New Moon of Ancient Rooting in Taurus with Huitlacoche and Wood Ear

Welcome to the New Moon of Ancient Rooting in 14° 11' Taurus on May 4, 2019 (15:46 PST), Earth's 10th New Moon in this Lunar Year. The Sun and the Moon are aligned midway through Taurus (both in 14 degrees) -- the fullest blossoming of the sign. With slow sturdiness we enter into the thriving of springtime. Filled with gratitude for our roots, take a message or two from home. Taurus is the wisdom of simpleness. It is old earth, old ancestors, reminding us of the fullness, simpleness, and slowness of life itself. Listen to your feelings and be patient enough to allow yourself embody how you feel. Oxygenate your blood, your body, mind, and spirit. Taurus brings spirit into form and loves to love. This Moon's fungi, Huitlacoche (Corn Smut or Ustilago maydis) and Wood Ear Fungus (Auricularia auricula), inspire us to tend our gardens and graze our grain by not just listening to the body but also to live in, through, and with our body. 
Transit Chart for New Moon of Ancient Rooting in 14° 11' Taurus on May 4, 2019 (15:46 PST) (Astrotheme.com).
The Sun and Moon are at 14° 11' in carnal, fixed earth Taurus.

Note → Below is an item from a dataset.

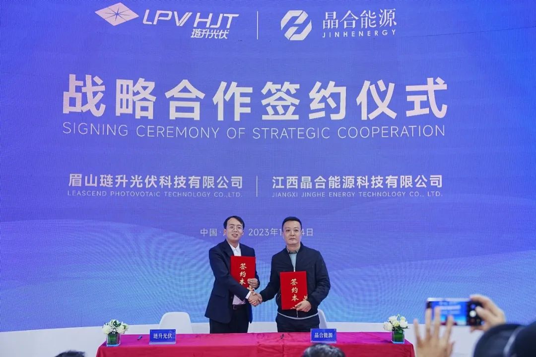 琏升光伏与江西晶合能源科技有限公司签约战略合作协议。琏升光伏总经理唐旋、晶合能源副总经理张军上台签约。晶合能源致力于太阳能电池与光伏组件的生产研发,此次签约,将为双方发展带来新机会,新前景。

Taurus brings lots of goodies into the next Moon cycle as well as into the next 7 years as Uranus transits Taurus. We start this New Moon cycle with the Sun, Moon, and Uranus in Taurus. By the illuminating Full Moon on May 18th, in Taurus' axial friend Scorpio, both Mercury and Venus will have also arrived in Taurus. We are seeping with rich Taurean energy inviting us to set intentions of sensual attention toward slowing down and listening to what we want to grow.

On May 6th Mercury, planet of the mind and communication, enters Taurus until May 21st. Simple Taurus feels strong and sturdy with attention to one thing at a time. There is a lot of Taurus energy in the next month, especially as Uranus recently entered Taurus in March to begin its 7 year transit. This is a potent New Moon to set intentions of what you'd like to build and add material to for the next 7 years. Uranus is shaking things up in Taurus' realm, and especially whichever house Taurus lies in in your chart. How can you embody what you are feeding? 

May 15th marks Venus (planet of loving and connectivity) exiting Aries and beginning transit through Taurus (until June 8, 2019) and Mars (planet of doing things and the will) exiting Gemini and beginning transit through Cancer (until July 1, 2019). The ways we love and attract love are exiting a spirited force and coming into a slow suppleness. The ways we act and initiate movement are entering the zodiac sign of the home and how we became the person that we are. Further connecting us to our belongingness, roots, safety, and security. Transparency and honesty are very powerful in this domain.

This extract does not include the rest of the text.